Sunday, April 24, 2011

French Lentils for a Canadian Easter

My extended family gets together each year for Easter dinner. We're not tied to Sunday or Monday though - this year we got together on Saturday.

We’re not a traditional family when it comes to food – the host family usually cooks a ham or a turkey and the rest of us bring side dishes, appetizers, and dessert.

I always bring a vegetarian dish to add to the mix. This year, I wanted something different than the usual pasta casserole, ratatouille, or quiche recipe. Since I'm less about gourmet and traditional than I am about healthy and satisfying, I decided to make a warm lentil dish.

After arguing with Mike about what spices to use (I thought some kind of sweet and sour would be good, he was pushing curry) I decided just to use a recipe from the Veganomicon cookbook: Lentils and Rice with Caramelized Onions. But sans rice. And note: it's vegan.

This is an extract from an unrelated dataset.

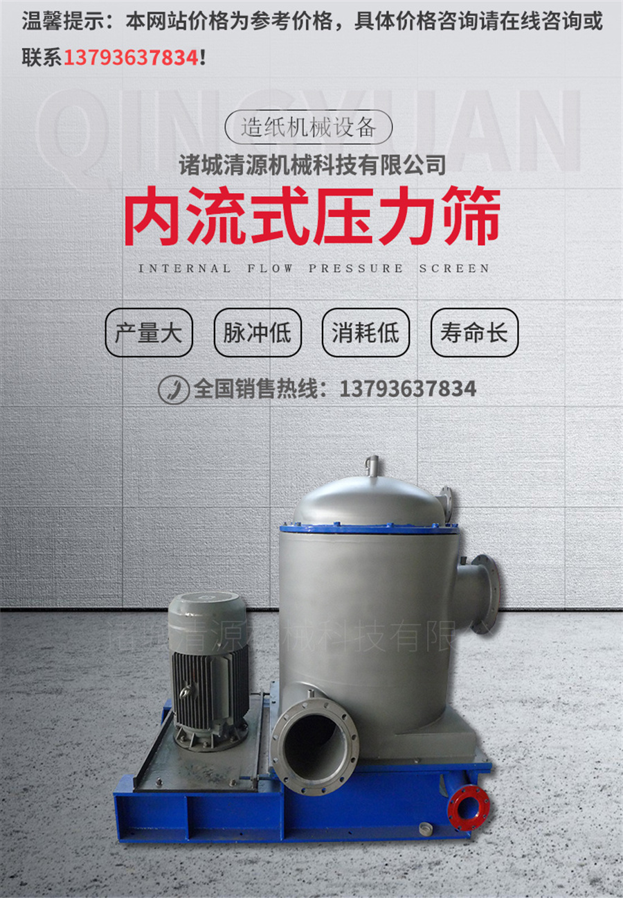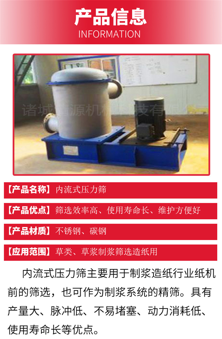內(nèi)流式壓力篩是當代造紙行業(yè)較好的篩選設備。內(nèi)流式壓力篩適用于化學漿、磨木漿及廢紙漿的篩選。目前多用于造紙機前的漿料精選,對于提高成品紙的檔次,降低能源消耗起著重要的作用。

I've made this dish before - but I forgot that it's one full of typos (cloves appears in the directions but not the ingredients list, for example). So this is a loose translation at best.

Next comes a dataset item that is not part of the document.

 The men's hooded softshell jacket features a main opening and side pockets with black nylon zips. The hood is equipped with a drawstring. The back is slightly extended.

If I were to make it again, I’d add garlic and use more onions but cut the pieces smaller. Overall, it was pretty good but needed salt and pepper in a major way. Possibly some different spices too - I could see thyme and oregano working. Or even a slightly sweet version with maple syrup.

Instead of red lentils (too mushy!) I used French lentils. Partially because that’s what the store had and partially because I prefer my lentils to hold their shape.
French lentils

I love the extremely generous use of olive oil in the Veganomicon recipe. It makes this dish stand out.

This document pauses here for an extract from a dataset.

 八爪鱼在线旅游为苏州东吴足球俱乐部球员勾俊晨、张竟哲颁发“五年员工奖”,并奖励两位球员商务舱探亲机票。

Roasted French Lentils with Caramelized Onions
Ingredients:

For the onions
 
Onion rings doused in olive oil
  • 3 large yellow onions, sliced thinly into rings
  • ¾ cup olive oil
For the lentils
  • 2 scant cups French lentils
  • 2 cups water
  • 1 cinnamon stick
  • 3 dried cloves
  • 1 scant tablespoon cumin
  • Generous salt and pepper to taste
A close-up of the French lentils
Directions:
1.    Preheat the oven to 400F.   
2.    Slice the onions and toss them with the olive oil.   
3.    Roast in a roasting pan for 35 minutes, until golden brown and edges are starting to caramelize and blacken. 

Caramelized onions in generous amount of olive oil

4.    In the meantime, measure the water into a saucepan. Add the cinnamon stick, cloves, and cumin. Bring to a boil.   
5.    Add the French lentils and return to a boil.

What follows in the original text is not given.